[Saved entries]
Start of Block
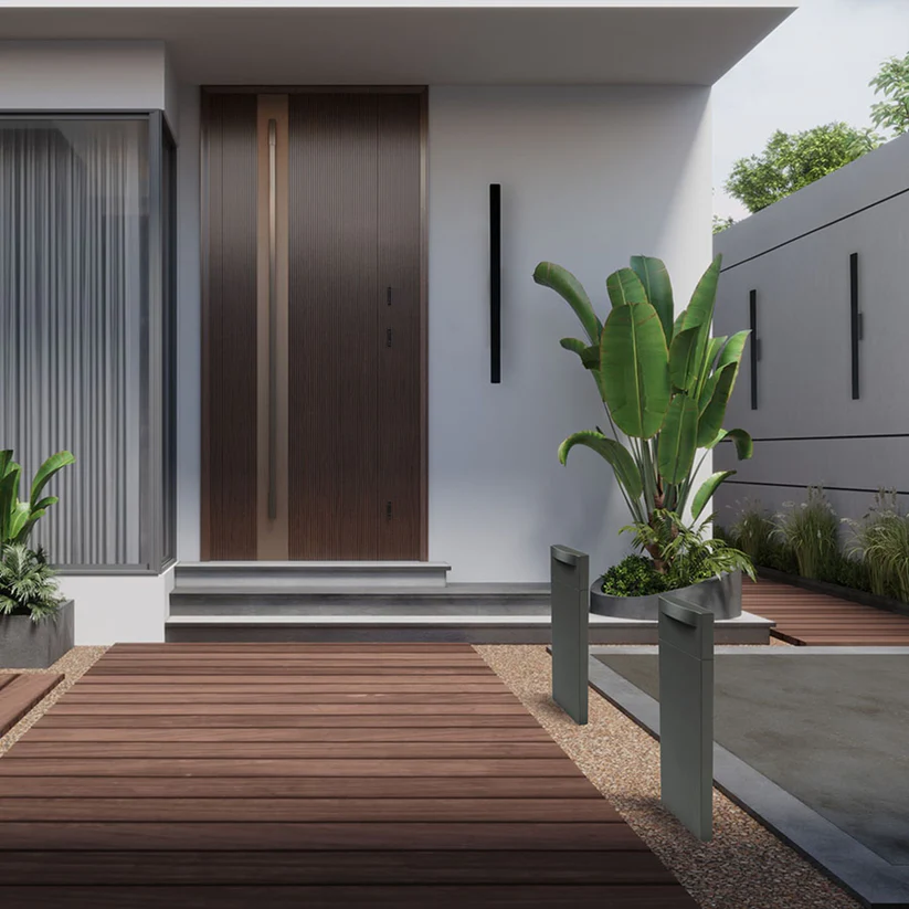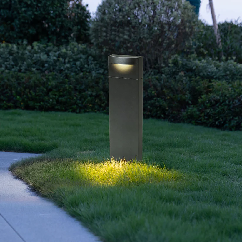 Bolard de exterior din aluminiu cu LED incorporat, pentru iluminarea diagonala in jos a căilor si a intrărilor.
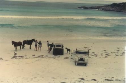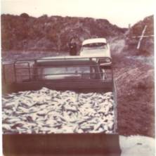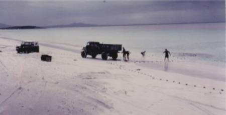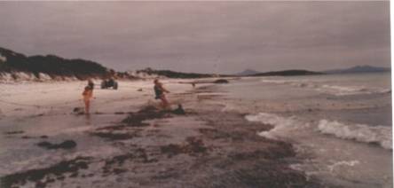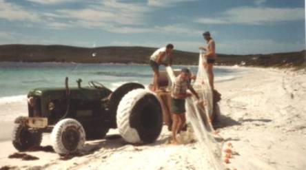 Salmon in net on Reef Beach. John Cleary�s Land Rover,
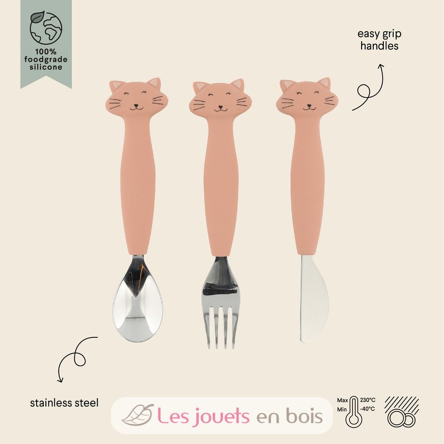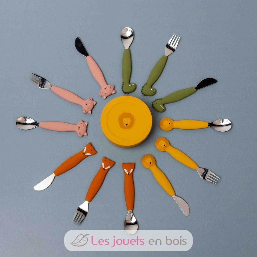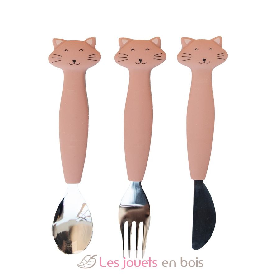 Cet ensemble de 3 couverts (fourchette, cuillère et couteau) a été spécialement conçu pour les jeunes enfants à partir de 12 mois.
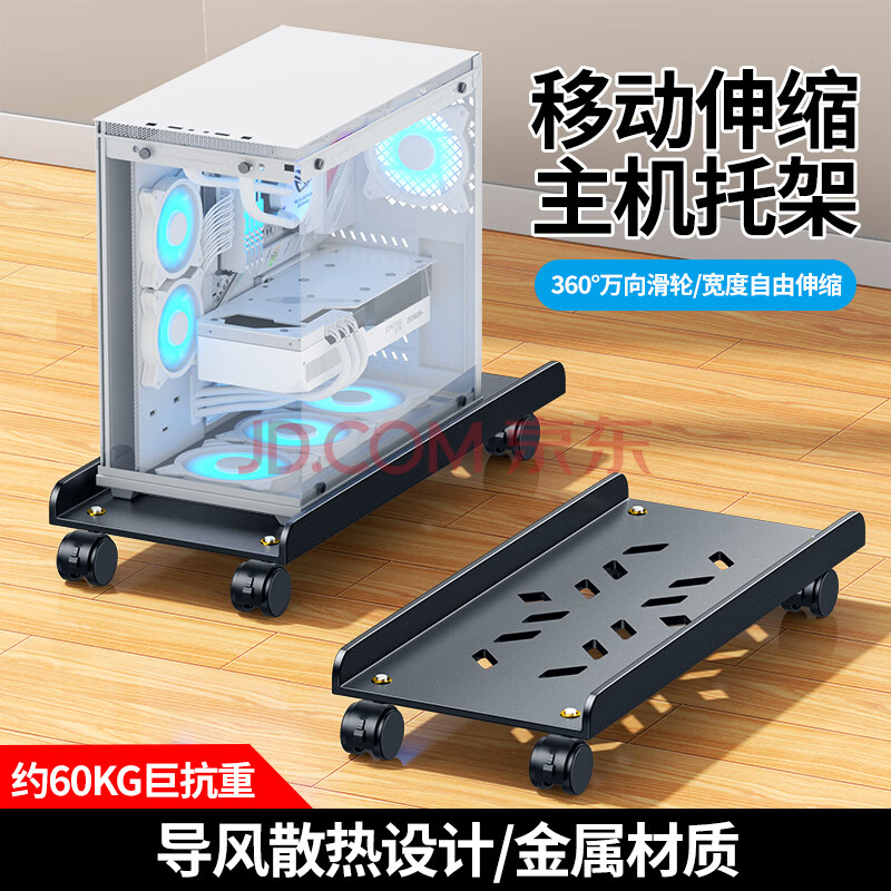 商品相册:连拓 台式电脑主机箱托架 可移动主机箱支架底座机箱托盘 万向滑轮锁轮刹车 尺寸可调金属材质安装简单第
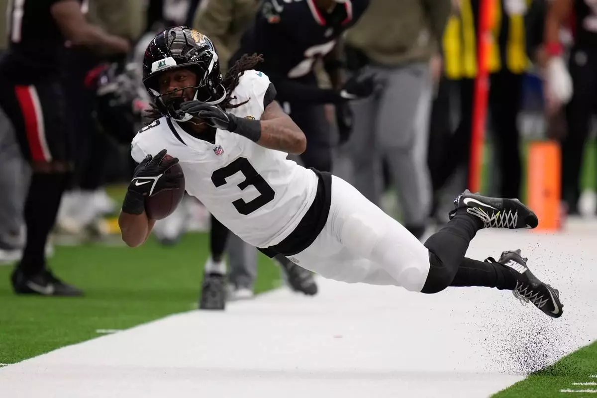 Jacksonville Jaguars wide receiver Jakobi Meyers (3) leaps during the second half of an NFL football game against the Houston Texans, Sunday, Nov. 9, 2025, in Houston. (AP Photo/Eric Christian Smith)
End of Block
- Work order:
All of the entries above are to be written out exactly, with no pictures.

- Result below:
 Bolard de exterior din aluminiu cu LED incorporat, pentru iluminarea diagonala in jos a căilor si a intrărilor.
 Salmon in net on Reef Beach. John Cleary�s Land Rover,
 Cet ensemble de 3 couverts (fourchette, cuillère et couteau) a été spécialement conçu pour les jeunes enfants à partir de 12 mois.
 商品相册:连拓 台式电脑主机箱托架 可移动主机箱支架底座机箱托盘 万向滑轮锁轮刹车 尺寸可调金属材质安装简单第
 Jacksonville Jaguars wide receiver Jakobi Meyers (3) leaps during the second half of an NFL football game against the Houston Texans, Sunday, Nov. 9, 2025, in Houston. (AP Photo/Eric Christian Smith)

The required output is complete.